To be more specific, a global affine epipolar alignment of the left and right images is computed first, then the aligned images are broken up into tiles, with each tile being by default 1024 x 1024 pixels with a 512 pixel padding (hence the total tile size is 2048 x 2048), local epipolar alignment is computed for each tile, the combination of the global and subsequent local alignment is applied to each original image to get the locally aligned image tiles, and those are written to disk, to be passed to mgm.

The mgm program has its own options. Some are environmental variables, to be set before the tool is called, such as CENSUS_NCC_WIN=5, while others are passed to the mgm executable on the command line, for example, -t census. To communicate any such options to this program, invoke parallel_stereo (for example) with:

--stereo-algorithm 'mgm CENSUS_NCC_WIN=5 -t census'

ASP will ensure these will be passed correctly to mgm. By default, ASP uses:

MEDIAN=1 CENSUS_NCC_WIN=5 USE_TRUNCATED_LINEAR_POTENTIALS=1 TSGM=3 \
  -s vfit -t census -O 8

These are adjusted depending on which ones the user chooses to override.

The CENSUS_NCC_WIN parameter is is one of the more notable parameters, as it determines the size of the window to use for correlation, so it corresponds to the option --corr-kernel of ASP-implemented algorithms.

ASP automatically finds the minimum and maximum estimated disparity, and it passes it to mgm via the -r and -R switches.

18.3.1. Options for mgm

-r (default = -30):

Minimum horizontal disparity value. (The images are assumed to be rectified, which eliminates the vertical disparity.)

-R (default = 30):

Maximum horizontal disparity value.

-O (default = 4):

Number of search directions. Options: 2, 4, 8, 16.

-P1 (default = 8)

SGM regularization parameter P1.

-P2 (default = 32):

SGM regularization parameter P2.

-p (default = none):

Prefilter algorithm. Options: none, census, sobelx, gblur. The census mode uses the window of dimensions CENSUS_NCC_WIN.

-t (default = ad):

Distance function. Options: census, ad, sd, ncc, btad, btsd. For ncc the window of dimensions CENSUS_NCC_WIN is used. The bt option is the Birchfield-Tomasi distance.

-truncDist (default = inf):

Truncate distances at nch * truncDist.

-s (default = none):

Subpixel refinement algorithm. Options: none, vfit, parabola, cubic.

-aP1 (default = 1):

Multiplier factor of P1 when sum |I1 - I2|^2 < nch * aThresh^2.

-aP2 (default = 1):

Multiplier factor of P2 as above.

-aThresh (default = 5):

Threshold for the multiplier factors.

-m FILE (default = none):

A file with minimum input disparity.

-M FILE (default = none):

A file with maximum input disparity.

-l FILE (default = none):

Write here the disparity without the left-to-right test.
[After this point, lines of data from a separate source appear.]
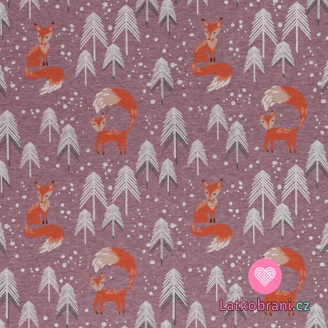 Warmkeeper potlač líštička v zasneženom lese na ružovo-fialové melange
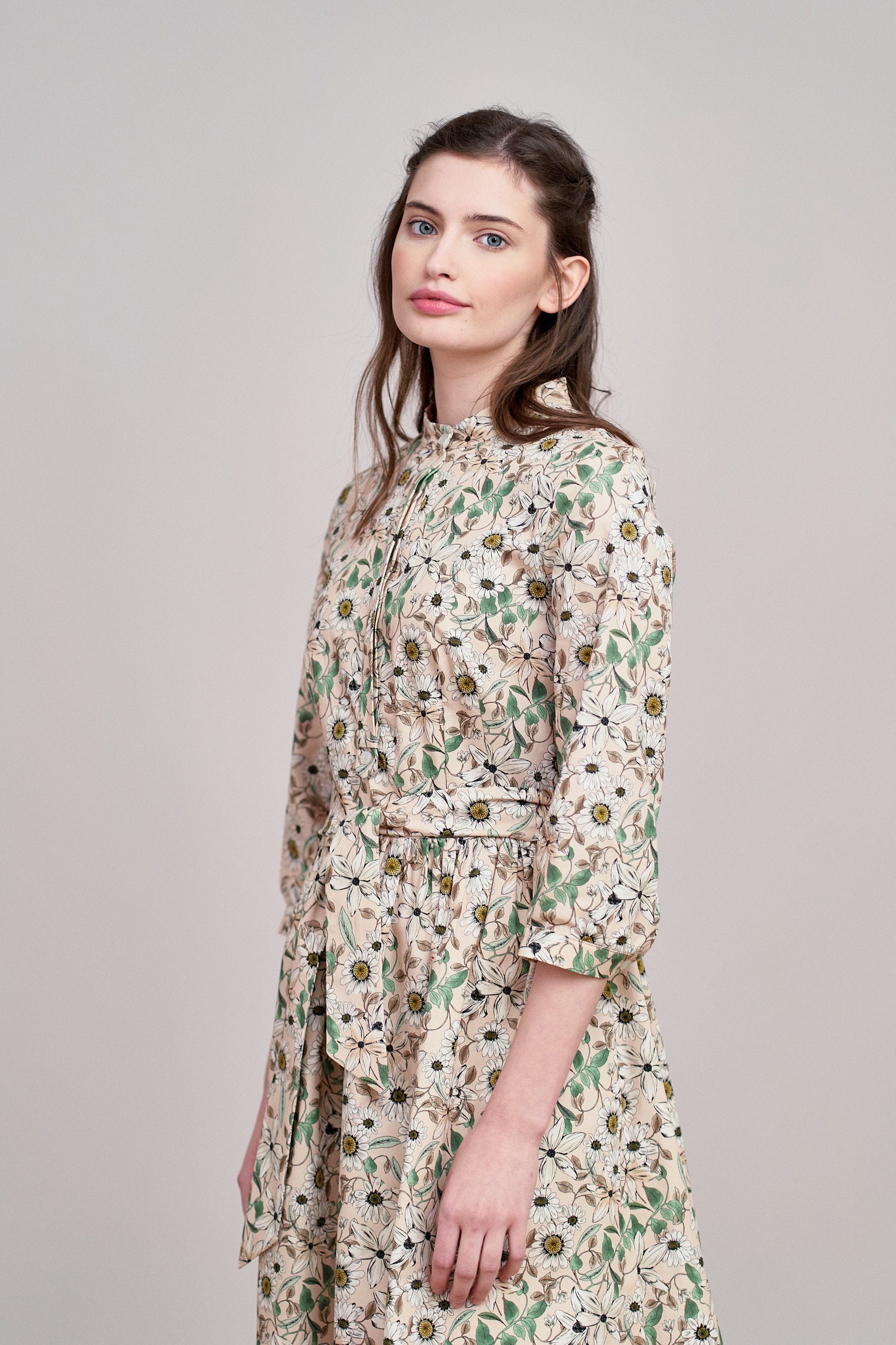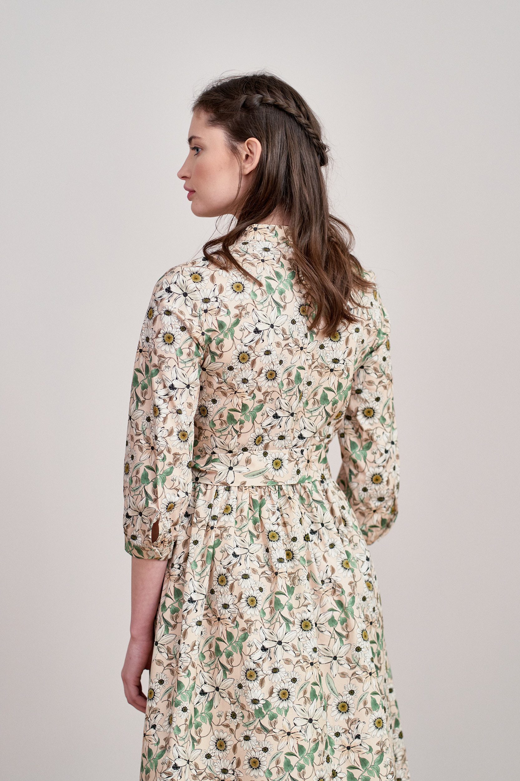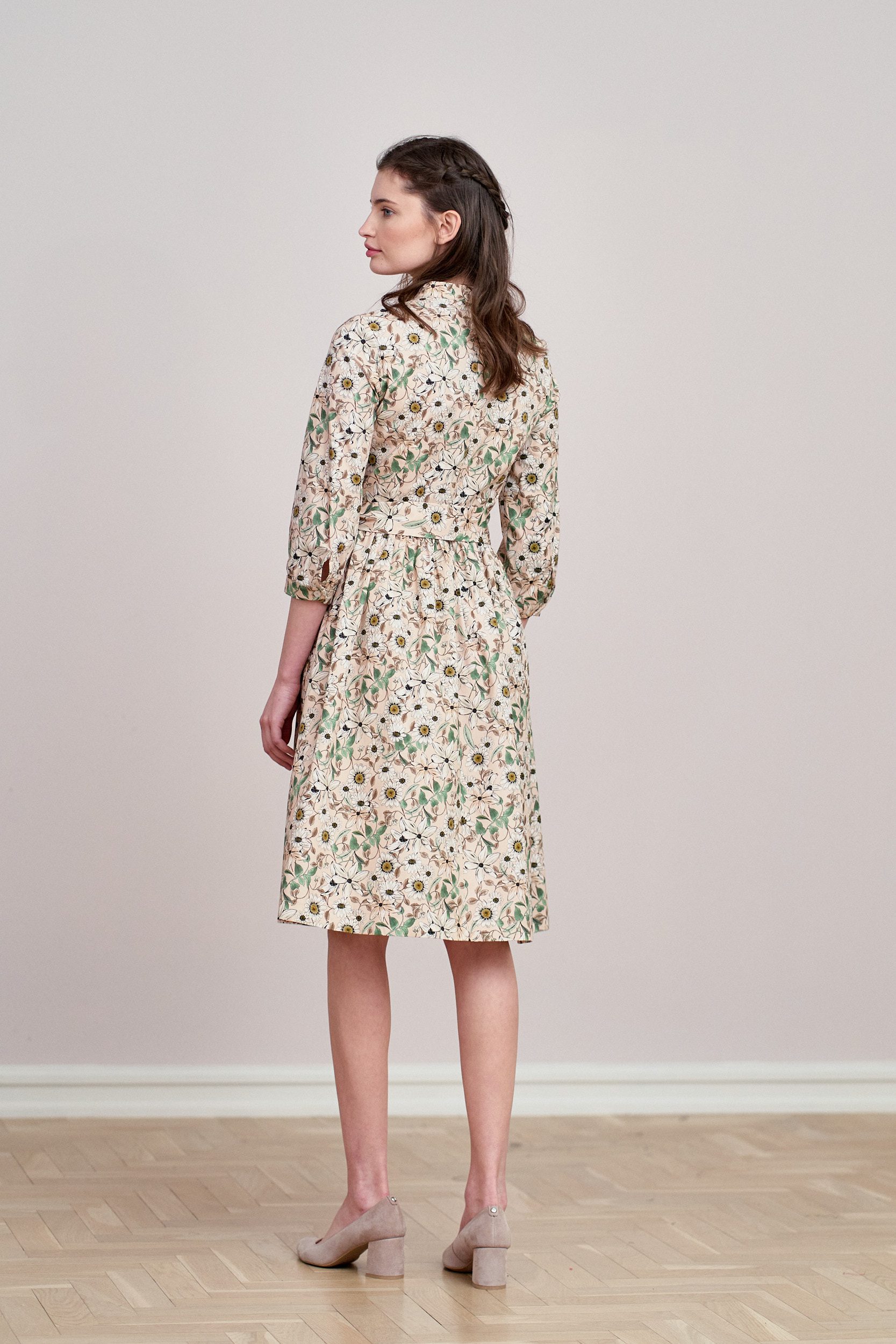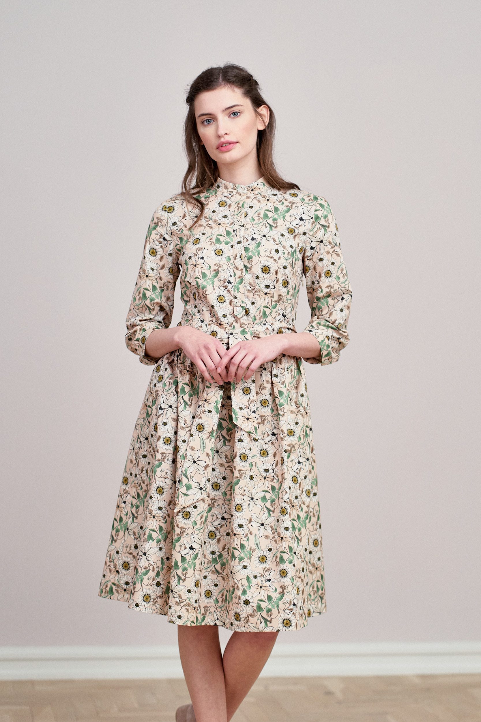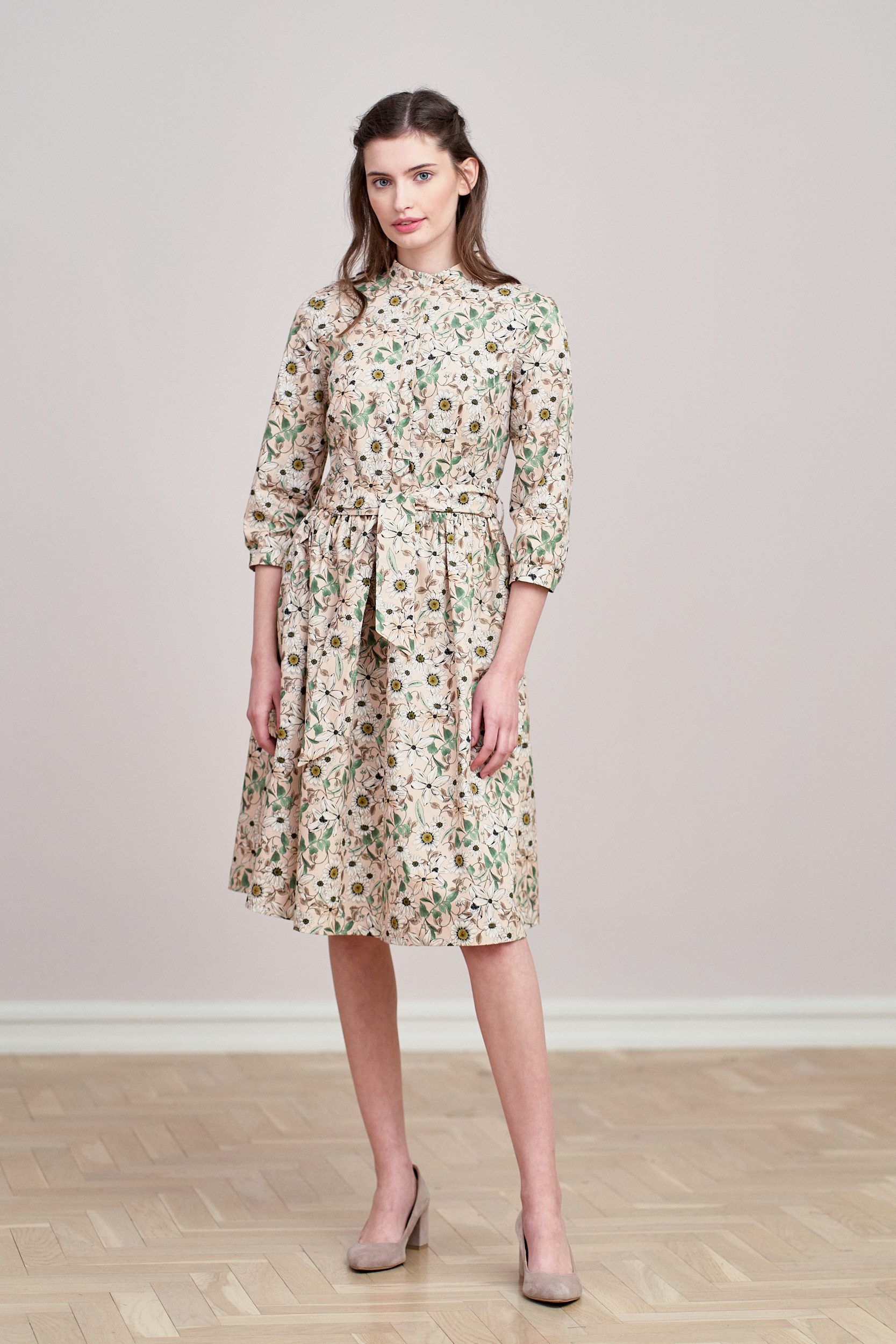 Aglaia to delikatnie rozkloszowana sukienka z marszczeniem w talii, wygodnym rękawem o długości za łokieć, dekoltem w stójkę, z krytą plisą zakończoną oryginalnym ozdobnikiem. Zapinana na perłowe guziki, również przy mankietach wykończonych lekkim marszczeniem. Dodatkowa szarfa o szerokości 5,5 cm pozwala na idealne dopasowanie sukienki w talii, a także nadaje jej szyk. Z pewnością sprawi, że poczujesz się wyjątkowo!
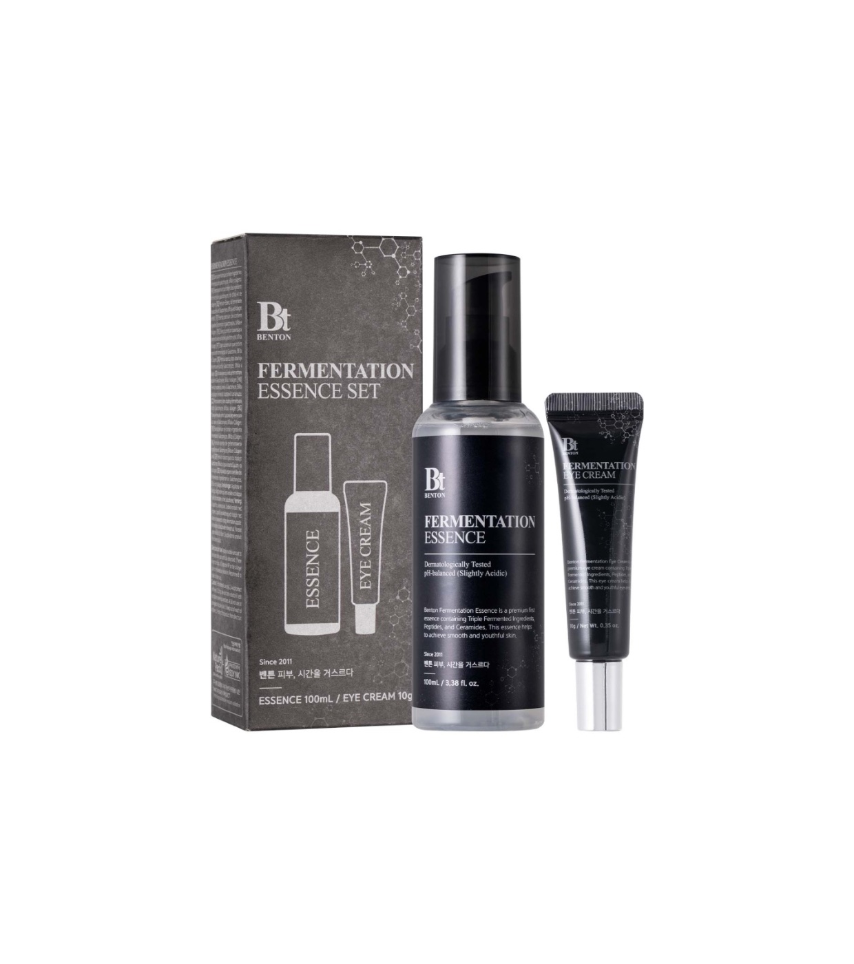 Kit de 2 productos Fermentation Essence Set de Benton, una colección de alta calidad formulada con ingredientes poderosos como fermento filtrado de Galactomyces, lisado de fermento Bifida, péptidos y ceramidas, diseñada para ofrecer resultados visibles en pieles maduras.
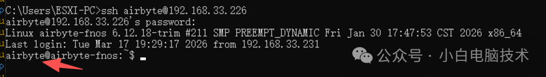 用SSH链接到飞牛(这里的方式是Linux系统要做的),到普通用户登录界面即可(非root)
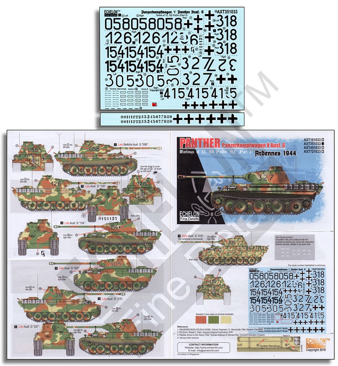 Covers 6 specific Panther Ausf. Gs (early & lates) from 12. SS Panzer Division that saw action at Ardennes,1944 (plus 1 at Normandy). The colours of the numbers are white outlines on black, just like their Panzer IV counterparts in Normandy. Also included are small matching tactical numbers that were painted on tow clevises, G and A symbols, and hull registration numbers.
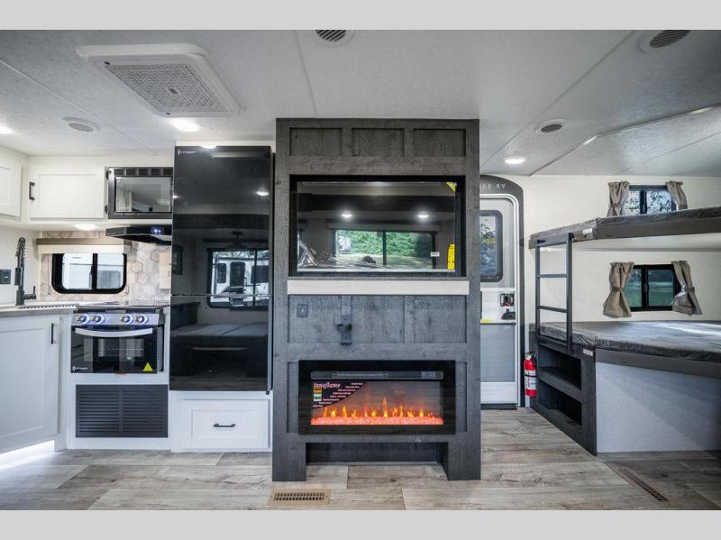 You'll love every minute spent in this bunkhouse travel trailer. The front private bedroom includes a Sleep Tight queen bed, dual wardrobes, and TV prep if you want the option to watch movies in bed. Your crew can relax on the sofa or Sit N' Slide table within the large slide out and watch a movie with the Smart TV. Since there is an outdoor griddle and refrigerator plus a 20' power awning, you may just find yourselves outside most days! When it's time to call it a night, there are double-size bunks in the rear corner for your guests, and the full bath is right next to the bunks for easy nighttime use. This unit also includes an entryway pantry with washer and dryer prep, making it easier to go full-time if you choose!
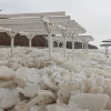 Ветер со скоростью 12 метров в секунду и необычный для этого региона холод вызвали погонные явления, в результате которых льдины выбрасывало на берег.
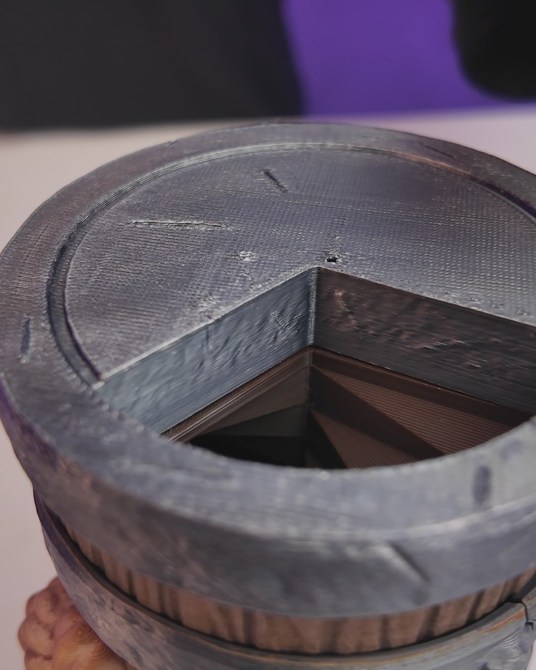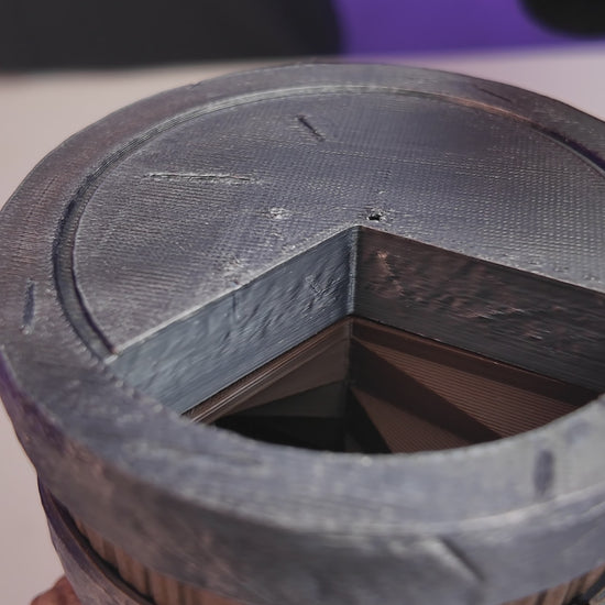 Crafted through 3D printing, the layered textures mimic aged wood, weathered metal, and twisted rope details, highlighting the character and charm of handmade tabletop gear. As part of the Roll Playing collection, the Keg of Fate transforms a simple dice tower into a story-driven prop—perfect for gamblers, bards, and adventurers who trust their luck to fate.
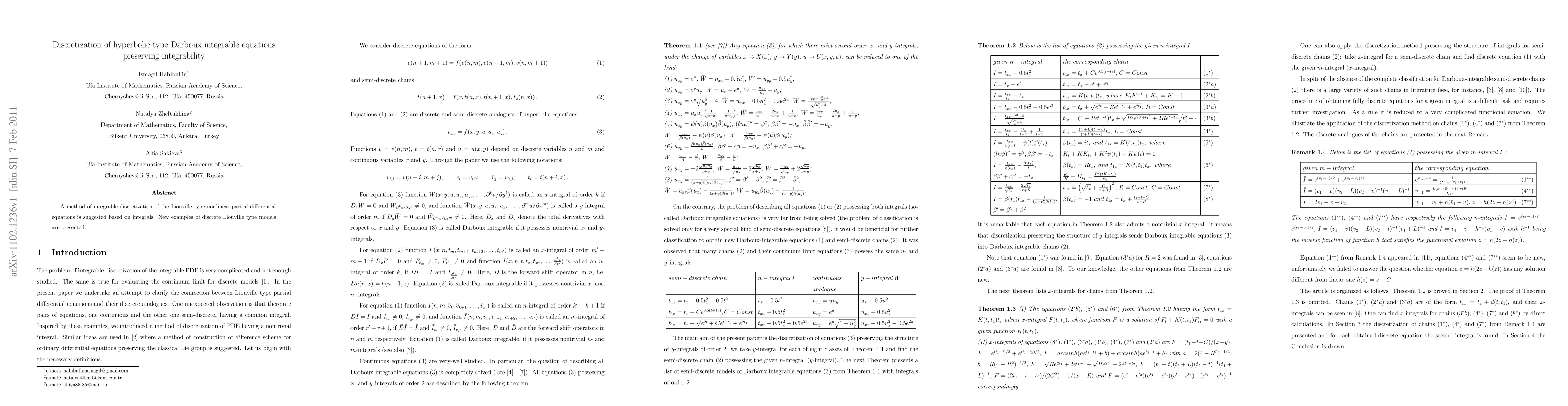 Summary: This paper proposes a method for discretizing hyperbolic type Darboux integrable equations while preserving their integrability. It introduces new discrete Liouville type models based on integral formulations.
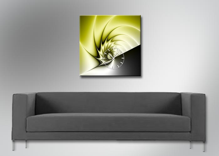 Das künstlerische Motiv wird auf eine hochwertige Aluminium-Dibond-Platte übertragen. Durch den hochauflösenden Digitaldruck besticht der Druck mit feinen Details und klaren Farben. Zudem werden die Oberflächen der Wanduhr mit einer seidenmatten, hauchdünnen, kratzfesten UV-Schutzfolie versehen. So ist die Uhr langfristig geschützt und es entstehen keine störenden Spiegelungen. Die ökologischen Latextinten sind zudem besonders geeignete Materialien für eine langlebige und gestochen scharfe Bildqualität.
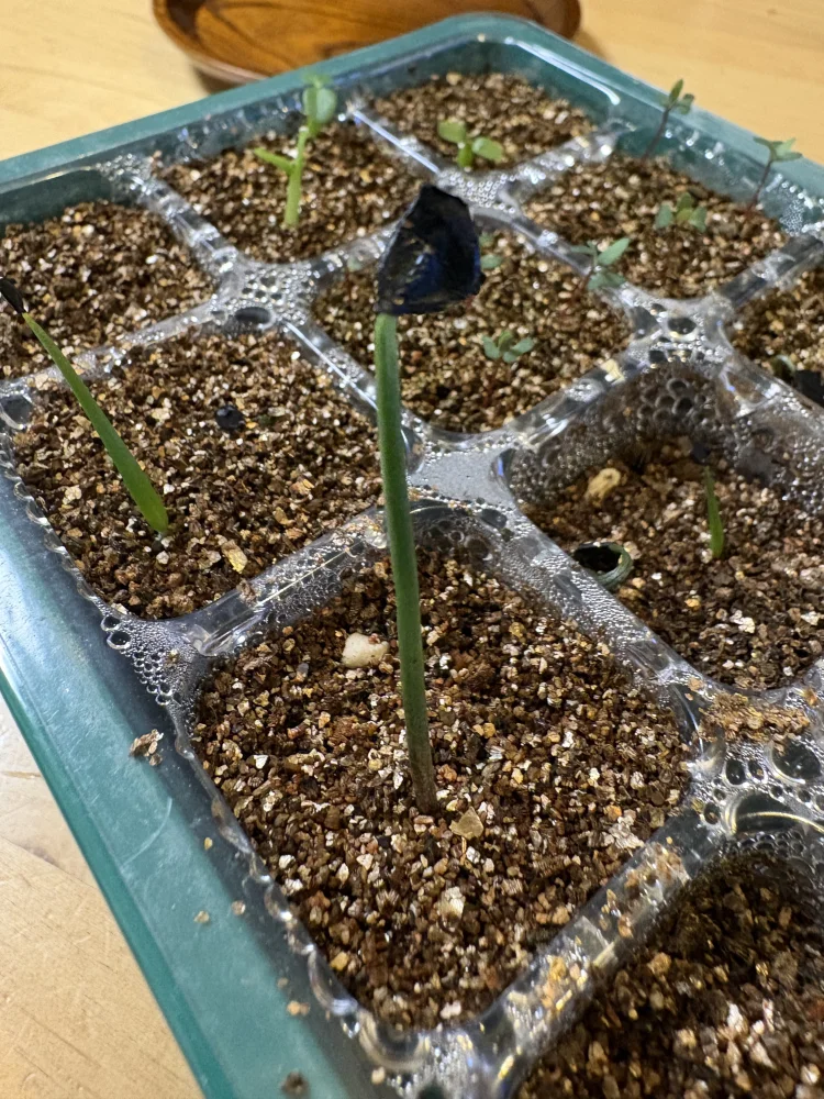 メネデール+ベンレート希釈液に15分ほど浸し、バーミキュライトに播種。

18.3.2. Environmental variables for mgm

These should be set on the command line before mgm is invoked. (ASP does that automatically.)

CENSUS_NCC_WIN=3:

Size of the window for the census prefilter algorithm and NCC (normalized cross-correlation).

TESTLRRL=1:

If 1, do left-to-right and right-to-left consistency checks.

MEDIAN=0:

Radius of the median filter post-processing.

TSGM=4:

Regularity level.

TSGM_ITER=1:

Number of iterations.

TSGM_FIX_OVERCOUNT=1:

If 1, fix overcounting of the data term in the energy.

TSGM_DEBUG=0:

If 1, print debug information.

TSGM_2LMIN=0:

Use the improved TSGM cost only for TSGM=2. Overrides the TSGM value.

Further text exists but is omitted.